My daughter is still just an infant, but while we're still at least several years away from having to answer the big mysterious questions she'll have, I wanted to make sure I started to get some answers ready. Little kids are naturally curious about the world and so it's only a matter of time before my baby tugs on my sleeve to ask me a fundamental question about our place on this Earth and how we got here.
Of course, I'm talking about where NFL coaches come from. (If she wants to talk babies, she can ask her mother)
The Eagles Coaching Carnival of 2016 is in full swing with fun and excitement for all ages (yes -- apparently even Tom Coughlin). Thrill rides of hearing potential candidates come out of nowhere only to disappear. Delicious snacks in the form of endless blog hot takes we can mindlessly consume as we go. The horrifying sideshow of people seriously suggesting Pat Shurmur as the answer.
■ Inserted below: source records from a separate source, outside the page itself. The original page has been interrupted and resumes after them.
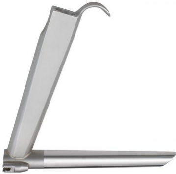
fig. 6; Ø 13x18mm; 182mm
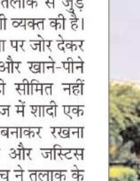
अदालत ने शादी को लेकर कहा कि केवल रजिस्ट्रेशन करा लेना ही विवाह को वैधता नहीं देता है। कई ऐसे उदाहरण हैं जो कानून के आधार पर रजिस्ट्रेशन करा लेते हैं। रजिस्ट्रार द्वारा ऐसा कोई सर्टिफिकेट जारी नहीं किया जाता।
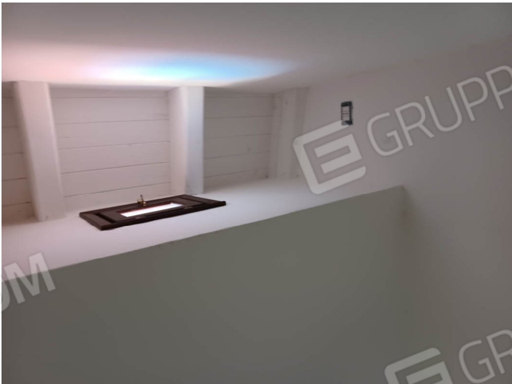
Foto 18 Finestra Bagno.

It's definitely a carnival. And what every carnival needs is a cold splash of narrative-destroying reality.
So I wanted to put the question of Where NFL Coaches Come From up for objective analysis. Because as the Jeff Lurie and the Eagles brain-trust debate and the rest of us are left with nothing but tea leaves and private jet flight tracking, it sure seems worth our time.
There were a couple big questions that I was curious to dig into:
1 - Coaches can come from a variety of backgrounds...but do certain backgrounds out-perform others?
2 - When a team replaces its coach, do they over-correct and hire someone with the opposite background of their former coach?
Let's quickly explain both questions before getting into the analysis.
My first question is focused on coach background. Coaches, based on their prior roles, typically come in with expectations attached to their respective resumes. If you were most recently an offensive coordinator, you're expected to focus more attention on that side of the ball. The same goes for defensive coordinators. Then there are former head coaches at both the NFL and college level. All of these candidates are treated as roughly equally legitimate by the media -- but should they be treated that way?
Are there performance patterns in which types of coaches do well and which don't? I haven't seen anyone write about it, so it seemed worthy of investigation.
The second question is a bit more abstract, and it's based on conventional narratives that I've heard. It's the idea that when a coach is fired, NFL owners want to go out and find someone who directly addresses the shortcomings of the prior coach and as a result will get much better results.
That means if you had a defensive head coach and just couldn't win, maybe it's time to try an offensive guy. If you had a college head coach and it didn't work, maybe get an experienced NFL head coach. You get the idea. For anyone following the Eagles, you'll see it attached to Tom Coughlin following as a candidate behind Chip Kelly (lack of NFL experience replaced by TONS of NFL experience). Now technically, this narrative is often used with coaches' specific styles (e.g., players coach vs. stern disciplinarian), but until someone creates an objective measure of style, we're left with background/experience. So that's what I'm focused on here.
I've used coaching records from Pro Football Reference to track coaching changes and performance since 2000. Using this data, we can identify coaching tenure, performance (measured by playoff appearances and super bowls).
But to define a coaches' background, we needed to establish a framework on how to bucket all these guys, most of whom have spent decades in all kinds of weird coaching roles.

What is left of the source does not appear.